My love for Pinterest is huge. I get many ideas and recipes and ideas there. A few weeks ago I saw a recipe that was so simple and high carbs but I knew that I could convert to low carb easily. This is the recipe that got my interest.
Doesn’t that look wonderful? This is the low carb version that I created.
I know their picture is better but I am sure a professional took that pic. I made a few changes and one was switching from Cherries to Strawberries. Cherries are 4 carbs per cherry. I just can’t do that on my plan.
This is how I made this recipe.
Cream Cheese Dip Portion
- 1 cup boiling water
- 1 package unflavored gelatin
- 2 cup heavy cream
- 8-oz package Philadelphia Cream Cheese
- 3 Tablespoons Vanilla Extract
- 1 cup Splenda
To make filling: Mix water with unflavored gelatin. Set in refrigerator to partially set up. In a bowl, whip heavy cream. Set aside. In a large bowl, beat cream cheese, extract, and 1 cup Splenda until smooth. Very lightly mix in partially set gelatin. Fold in whipping cream. Pour into pie shell. Chill 2 to 3 hours.

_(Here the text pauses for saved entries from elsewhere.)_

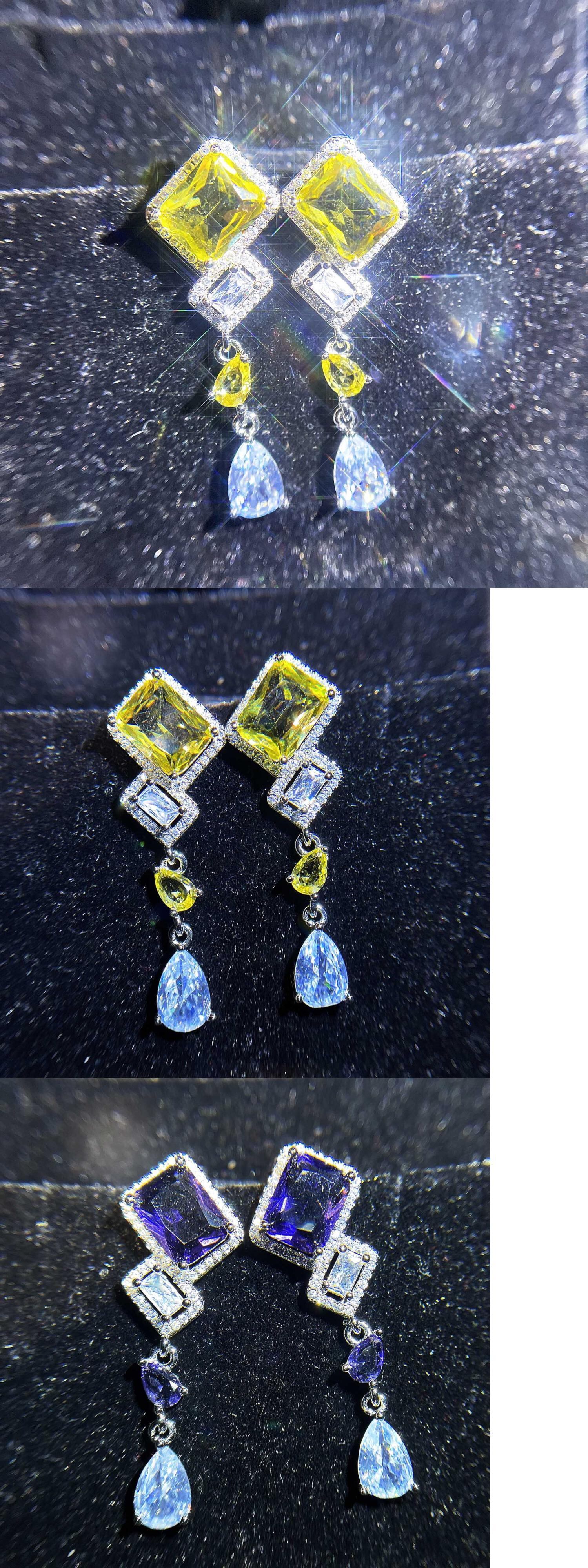 送料無料 2022ラグジュアリーイエローパープルカラーペアシルバーカラー韓国イヤリング女性アニバーサリーギフトジュエリーE6523 指輪 銀 アクセサリー AE00116614662165176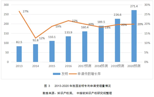 预计2017年发明专利申请总量将在160.4万件,同比增长20%;预计2020年全国专利申请总量将在271.4万件,同比增长20%。参见下表及图: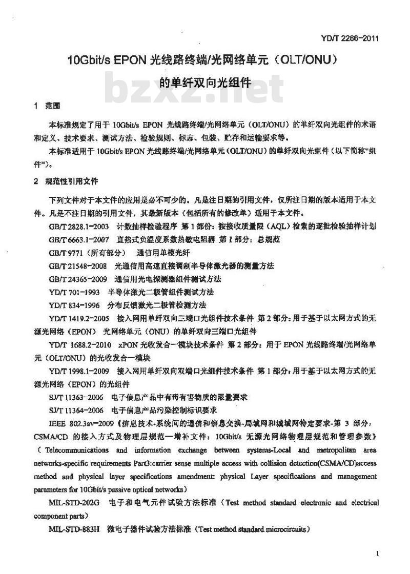 本标准规定了用于1OGbit/sEPON光线路终端/光网络单元(OLT/ONU)的单纤双向光组件的术语和定义、技术要求、测试方法、检验规则、标志、包装、贮存和运输要求等,本标准适用于10Gbit/sEPON光线路终端/光网络单元(OLT/ONU)的单纤双向光组件(以下简称“组件”。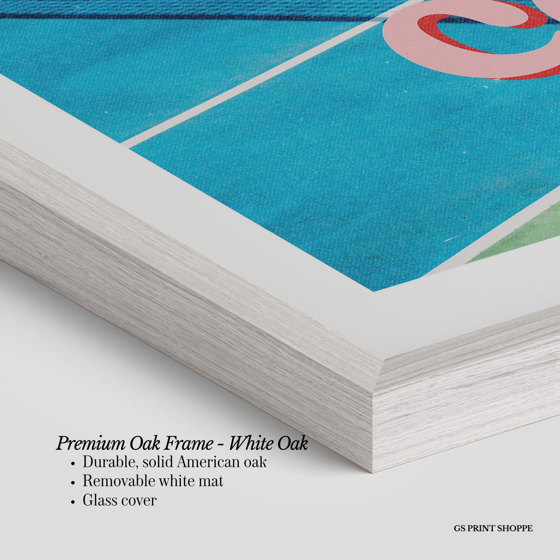 Premium Oak Frame: Our premium oak frame is crafted from solid American oak, offering a warm, natural feel with a high-end finish. We complete this elevated offering with a bright white removable mat and real glass for a versatile and polished look.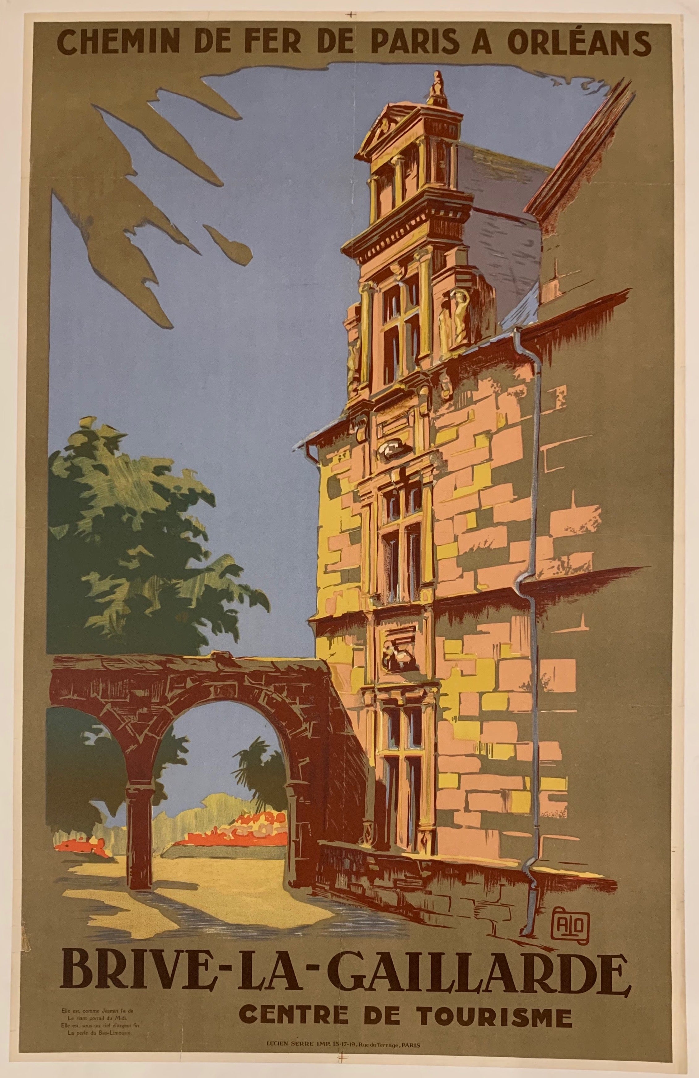 "Chemin de fer de Paris à Orléans, Brive-La-Gaillarde, Centre de Tourisme, Elle est, comme Jasmin l'a dit Le riant portail du Midi. Elle est, sous un ciel d'argent fin la perle du Bas-Limousin."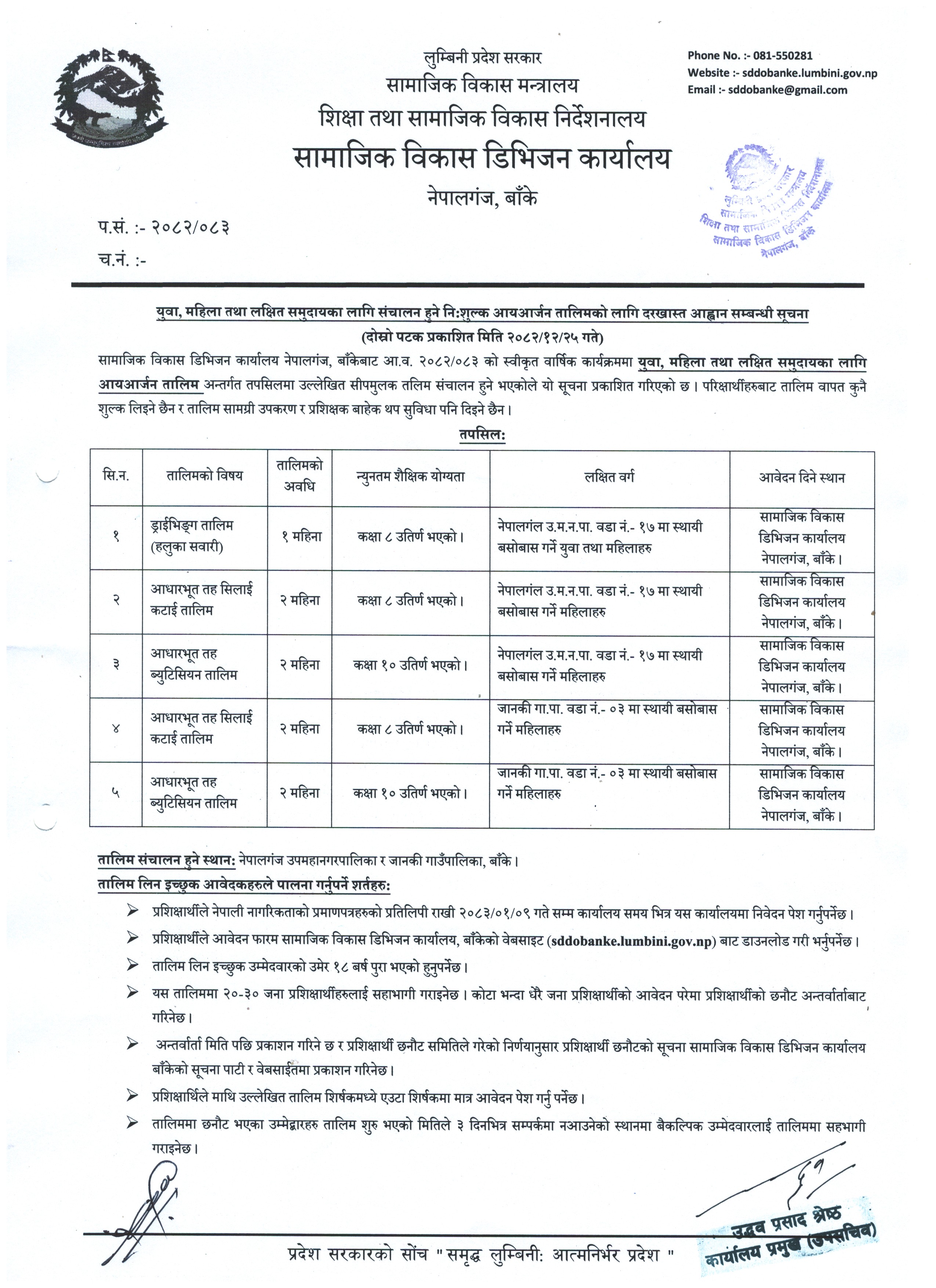 | 3 | नेपालगंज उ.म.न.पा. वडा नं. ५ मा स्थायी बसोबार गर्ने महिलाहरुको लागि नि:शुल्क आधारभूत सिलाई कटाई तालिमको दरखास्त आह्वान सम्बन्धी सूचना । | सूचना तथा समाचारहरु | 2082-12-26 | View | Download |

- 16 container fresh strawberries
- 2/3 cup Splenda
Clean and finely chop strawberries. Mix with Splenda and refrigerate.
My mom, sister and I preferred the Vanilla Wafers than the Graham Crackers but the Graham Crackers are slightly lower in carbs so if you are being very tight with your carb count you will want to go with them.
This recipe would also be very good made with a pecan crust and just eaten as cheesecake instead of a dip at a party. Your choice. Enjoy.